# tivo not able to record all my tv channels



## bam54 (Sep 9, 2009)

i know this might sound like another thread, but ,of course, i think it's a new issue. anyway, here goes...i recently returned my compost cable company cable box because it and my tivo could not would not play nice together. so, now i am left with just my cable stations and my tivo, which will not record the channels that i scanned in, such as...118-9, 97-6, 88-6, etc. it only records those that it gets from my cable , such as, 12, 34, 7, etc. is there an easy fix for this? both tivo and compost don't know or won't say. any ideas? thanks for the help. see ya.


----------



## ewilts (Feb 26, 2002)

If this is a Series 1 or 2, you won't be able to record those channels since they're digital and you have an analog tuner.

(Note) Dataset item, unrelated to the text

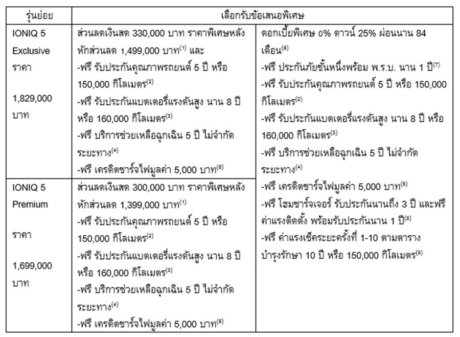 (1) ส่วนลดเงินสดมูลค่า 300,000 บาท สำหรับ IONIQ5 รุ่นย่อย Premium ราคา 1,699,000 บาท ราคาพิเศษเริ่มต้น 1,399,000 บาท และ ส่วนลดเงินสดมูลค่า 330,000 บาท สำหรับ รุ่นย่อย Exclusive ราคา 1,829,000 บาท ราคาพิเศษเริ่มต้น 1,499,000 บาท

If you have a Series 3 or HD, where are those channels supposed to be coming from? If they came from the cable company box and you returned the box, how do you think you should be able to record them now? Do you have a CableCARD or antenna?


----------



## bam54 (Sep 9, 2009)

I have a series 2 tivo. After returning the cable box, because I have a digital tv, I was able to scan in all the premium channels that I had been using my cable box for. The cable I get now is just the lower basic channels. I can still get the higher channels from my tv's digital receiver but I am trying to figure out how to record the higher channels with my tivo. If I have a HD tivo would I be able to record my tv's digital channels?


----------



## bam54 (Sep 9, 2009)

To respond to the previous, previous post No, I have no antenna and cable card


----------



## Worf (Sep 15, 2000)

The series 2 cannot record digital cable without a cable box. It doesn't have an ATSC (OTA) or QAM (Cable) tuner that will allow it.


----------



## classicsat (Feb 18, 2004)

Do you want the TiVo to use guide data and record with normal channel numbers? If so, you need a cable box.


----------